Move Away from “Reasonable Expectations” to an “Actual Sales” Test
The 2015 Proposed Regulations parallel the currently applicable Treasury Regulations made final in 1993 (the “Current Regulations”) in that the issue price for which a bona fide public offering is made continues to be defined as the first price at which a substantial amount (defined as 10%) of the bonds is sold to the “public” (see discussion regarding the term “public” below). However, the 2015 Proposed Regulations require that actual sales on the sale date determine issue price, whereas the Current Regulations allow the issue price to be determined as of the sale date based on reasonable expectations regarding the initial public offering price at which 10% of the bonds of each maturity would be sold.
Like the 2015 Proposed Regulations, the 2013 Proposed Regulations had proposed an actual sales test, but the 2013 Proposed Regulations also proposed that 10% test be replaced by a requirement that 25% of the bonds be actually sold to the public at the issue price.

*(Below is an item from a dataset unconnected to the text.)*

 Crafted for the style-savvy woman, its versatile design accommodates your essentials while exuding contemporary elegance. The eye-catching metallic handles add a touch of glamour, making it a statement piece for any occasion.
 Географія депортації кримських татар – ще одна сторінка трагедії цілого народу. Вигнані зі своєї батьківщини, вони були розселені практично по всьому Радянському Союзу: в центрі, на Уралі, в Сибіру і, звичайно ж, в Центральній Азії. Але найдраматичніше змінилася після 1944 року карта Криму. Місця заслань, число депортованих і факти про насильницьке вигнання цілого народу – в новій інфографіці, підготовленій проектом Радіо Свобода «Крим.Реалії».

Acknowledging that the 2013 Proposed Regulations lacked flexibility and practicality because 25% (or even 10%) of an issue of bonds is often not in fact sold to the public on the sale date, the 2015 Proposed Regulations offer an alternative method for determining the issue price, provided certain requirements are met.
Alternative Method of Determining Issue Price
If 10% of a maturity of bonds is not actually sold to the public on the sale date, the 2015 Proposed Regulations provide for an alternative method for determining issue price.

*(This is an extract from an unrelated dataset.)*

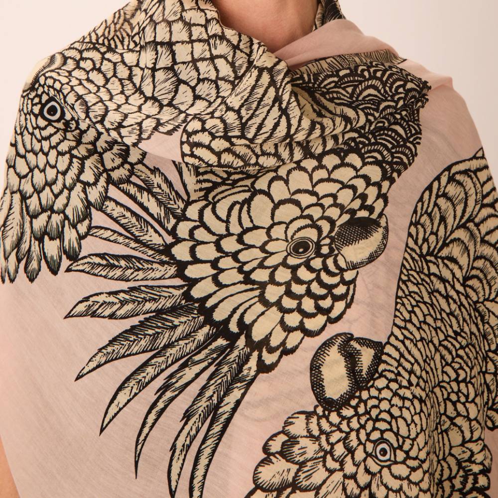 Sa grande dimension de 100 x 190 cm et son imprimé apporteront une touche d'originalité à vos looks tandis que sa composition en pur coton en fera une étole respirante.

Specifically, the alternative method requires that the underwriters (i) fill all initial-offering-price orders placed by the public and received by the underwriters on or before the sale date, and (ii) do not fill any order received by the underwriters on or before the sale date at a price higher than the initial offering price. Further, the lead (or sole) underwriter is required to provide certification of the following: (i) the initial offering price, (ii) that the underwriters met the requirement to fill all orders at the initial offering price placed by the public and received by the underwriters on or before the sale date at the initial offering price, (iii) that no underwriter will fill an order received from the public after the sale date and before the issue date at a price higher than the initial offering price, unless the higher price is the result of a market change for those bonds after the sale date (e.g., a change in interest rates), and (iv) that the lead (or sole) underwriter will provide the issuer with supporting documentation for the matters covered by the certifications. The issuer must not know or have reason to know, after exercising due diligence, that the certifications are false.
Definitions of “Public” and “Underwriter”

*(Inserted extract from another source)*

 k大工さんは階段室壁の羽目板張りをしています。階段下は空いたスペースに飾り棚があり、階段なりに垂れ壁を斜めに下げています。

Under the 2015 Proposed Regulations, the term “public” for purposes of determining issue price includes any person other than an underwriter or a related party to an underwriter. An “underwriter” includes (i) any person that contractually agrees to participate in the initial sale of the bonds to the public by entering into a contract with the issuer or into a contract with a lead underwriter to form an underwriting syndicate and (ii) any person that, on or before the sale date, directly or indirectly enters into a contract or other arrangement to sell the bonds with any of the foregoing (for example, a retail distribution contract between a member of an underwriting syndicate or selling group and another dealer that is not in the syndicate or selling group).
Questions Remain but Welcome Improvement
While the 2015 Proposed Regulations introduce new interpretive questions (such as the nature and extent of due diligence required by issuers in connection with obtaining an underwriter’s certifications under the alternative method) and some practical challenges (such as the logistics of receiving information from the underwriters), participants in the tax-exempt bond market have generally agreed that the 2015 Proposed Regulations are an improvement over the 2013 Proposed Regulations. Likewise, the changes made to the definition of underwriter have received a generally favorable market response, as the definition included in the 2013 Proposed Regulations was viewed as overly inclusive.